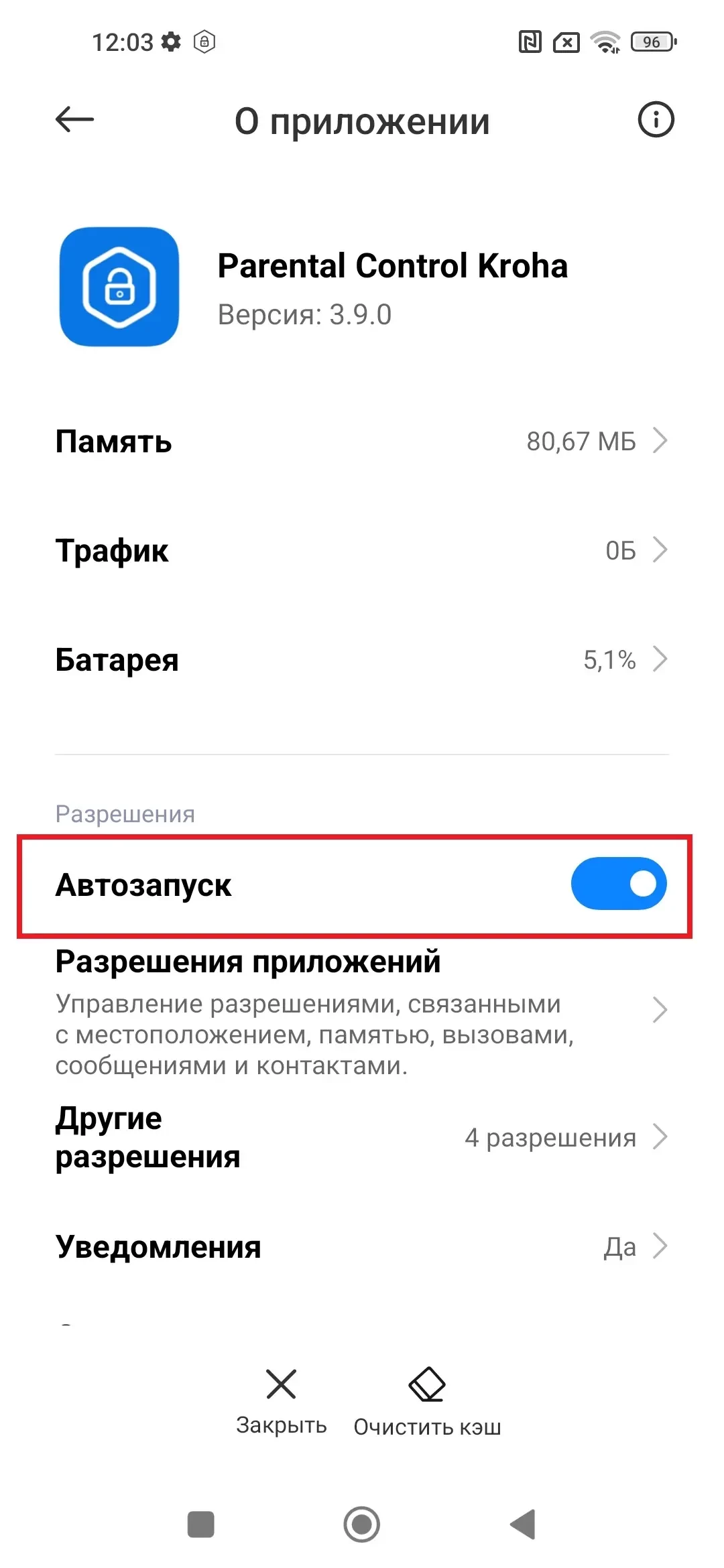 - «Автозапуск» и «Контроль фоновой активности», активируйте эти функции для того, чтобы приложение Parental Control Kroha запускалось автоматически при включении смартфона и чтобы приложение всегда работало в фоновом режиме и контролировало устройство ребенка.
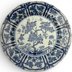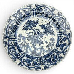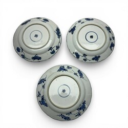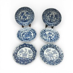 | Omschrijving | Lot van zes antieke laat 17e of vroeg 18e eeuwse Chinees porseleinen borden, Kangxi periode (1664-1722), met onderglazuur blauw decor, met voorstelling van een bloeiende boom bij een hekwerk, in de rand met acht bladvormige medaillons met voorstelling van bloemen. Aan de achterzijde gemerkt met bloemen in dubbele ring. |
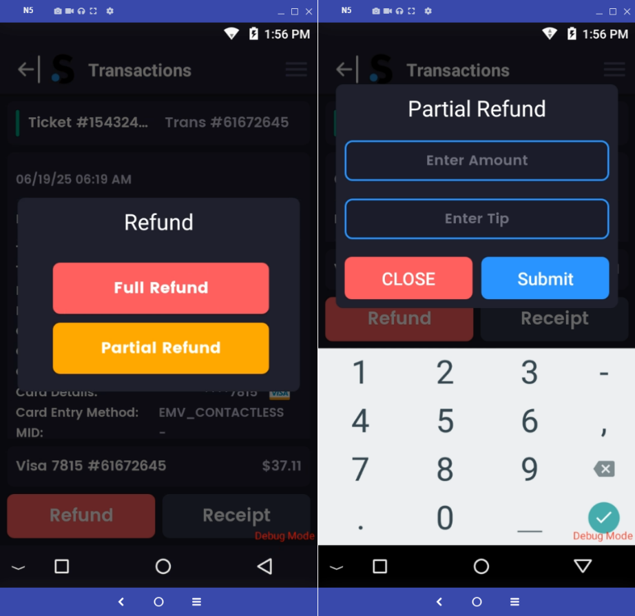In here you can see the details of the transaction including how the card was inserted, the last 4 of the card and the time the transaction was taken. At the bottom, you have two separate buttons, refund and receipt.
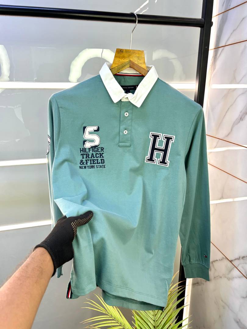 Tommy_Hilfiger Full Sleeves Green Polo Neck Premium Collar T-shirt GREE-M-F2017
...
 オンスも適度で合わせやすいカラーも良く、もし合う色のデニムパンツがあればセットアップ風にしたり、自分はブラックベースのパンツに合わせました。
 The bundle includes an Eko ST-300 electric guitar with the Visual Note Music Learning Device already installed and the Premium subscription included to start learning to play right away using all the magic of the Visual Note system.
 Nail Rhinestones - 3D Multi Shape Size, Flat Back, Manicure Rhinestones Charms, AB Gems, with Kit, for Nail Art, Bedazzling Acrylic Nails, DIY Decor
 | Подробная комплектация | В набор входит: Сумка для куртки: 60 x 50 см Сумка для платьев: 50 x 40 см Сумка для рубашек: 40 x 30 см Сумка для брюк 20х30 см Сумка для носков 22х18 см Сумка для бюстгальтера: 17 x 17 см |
--
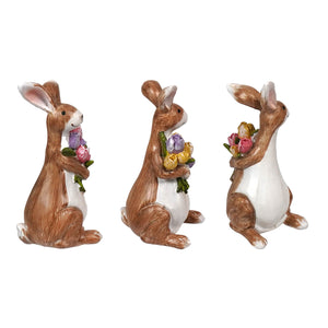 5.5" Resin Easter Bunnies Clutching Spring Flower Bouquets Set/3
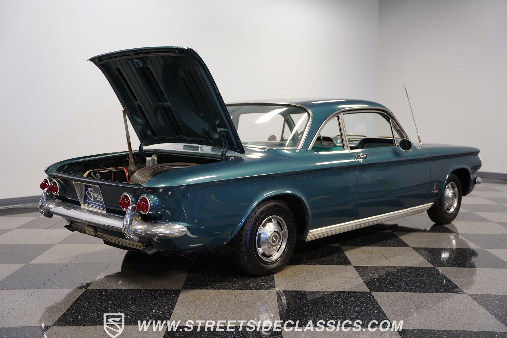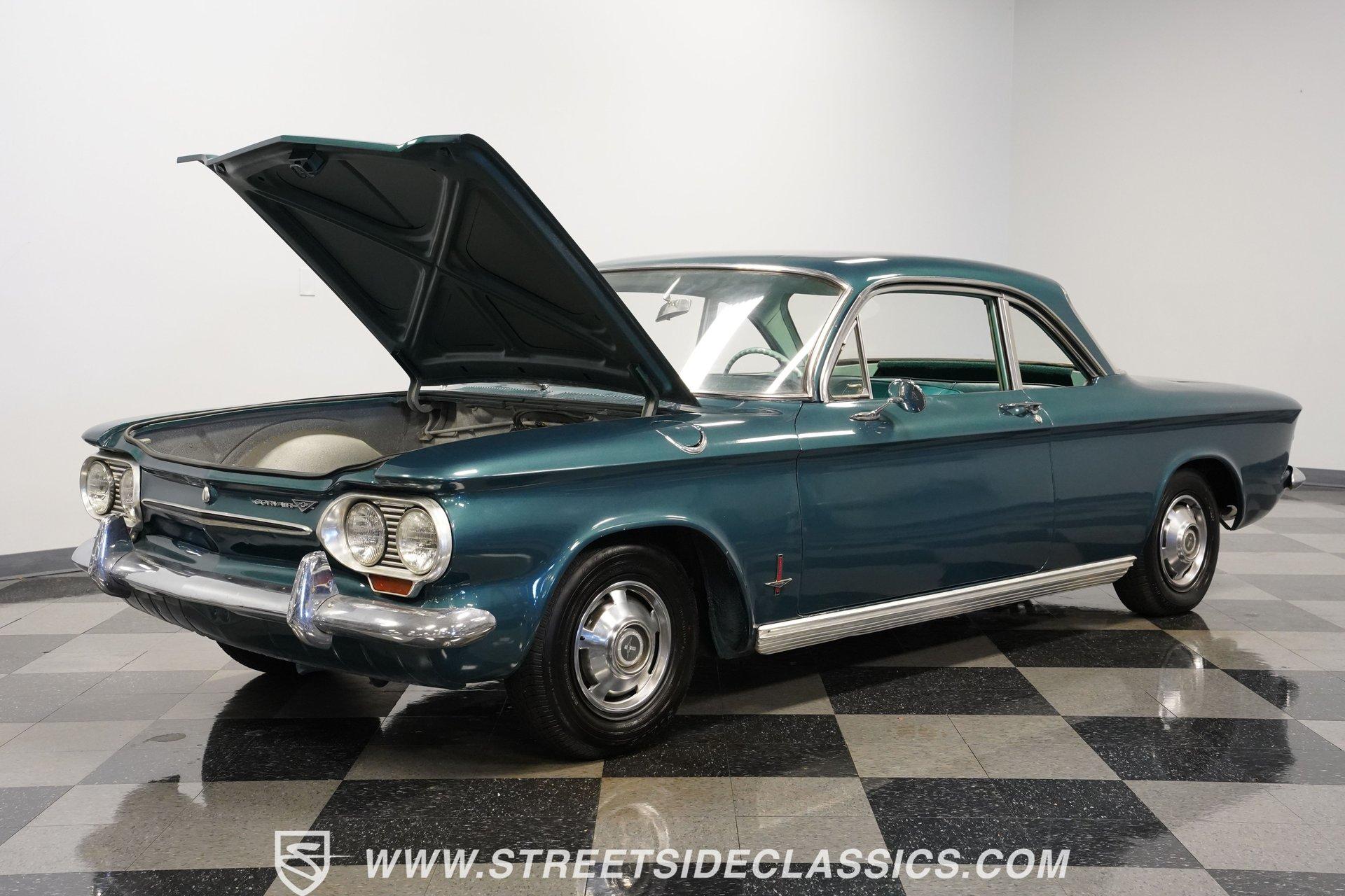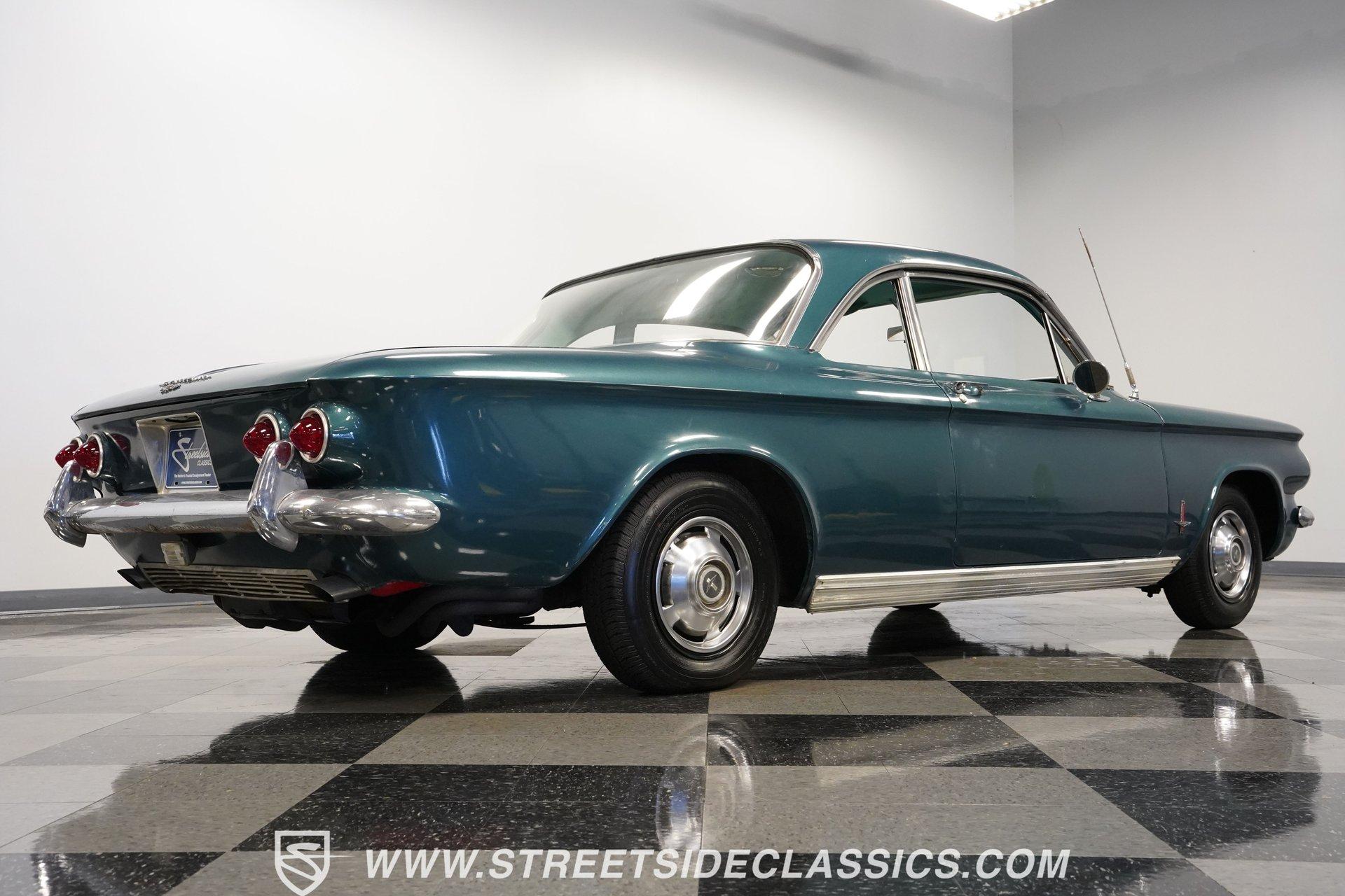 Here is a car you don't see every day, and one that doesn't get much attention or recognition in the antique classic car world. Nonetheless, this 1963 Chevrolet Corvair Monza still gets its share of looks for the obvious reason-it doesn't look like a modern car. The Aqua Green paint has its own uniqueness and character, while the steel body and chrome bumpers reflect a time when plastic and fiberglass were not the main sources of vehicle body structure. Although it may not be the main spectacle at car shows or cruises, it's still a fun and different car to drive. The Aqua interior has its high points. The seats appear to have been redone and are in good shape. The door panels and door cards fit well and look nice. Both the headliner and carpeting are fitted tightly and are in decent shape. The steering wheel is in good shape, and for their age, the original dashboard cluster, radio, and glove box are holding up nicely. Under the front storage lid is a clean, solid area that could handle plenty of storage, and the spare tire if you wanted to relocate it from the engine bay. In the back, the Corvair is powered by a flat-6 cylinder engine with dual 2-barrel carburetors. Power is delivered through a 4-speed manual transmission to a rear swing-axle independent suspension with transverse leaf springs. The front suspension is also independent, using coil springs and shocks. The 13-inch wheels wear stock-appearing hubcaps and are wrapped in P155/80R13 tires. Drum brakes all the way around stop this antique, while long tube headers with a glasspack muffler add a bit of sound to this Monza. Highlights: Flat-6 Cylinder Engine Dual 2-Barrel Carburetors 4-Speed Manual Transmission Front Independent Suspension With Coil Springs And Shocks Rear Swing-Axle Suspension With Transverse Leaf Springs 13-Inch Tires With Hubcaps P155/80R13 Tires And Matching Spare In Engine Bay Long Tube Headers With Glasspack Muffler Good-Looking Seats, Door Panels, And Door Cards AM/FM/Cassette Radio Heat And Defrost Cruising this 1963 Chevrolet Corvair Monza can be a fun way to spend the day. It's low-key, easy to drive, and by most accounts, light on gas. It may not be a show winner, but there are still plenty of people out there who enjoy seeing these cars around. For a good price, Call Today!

(TASK GOAL):
Using the material above, reproduce only the lines that run from the line with "In here you" up to and including the line with "Tommy_Hilfiger Full Sleeves", exactly, with the pictures dropped.

(EXERCISE RESPONSE):
In here you can see the details of the transaction including how the card was inserted, the last 4 of the card and the time the transaction was taken. At the bottom, you have two separate buttons, refund and receipt.
 Tommy_Hilfiger Full Sleeves Green Polo Neck Premium Collar T-shirt GREE-M-F2017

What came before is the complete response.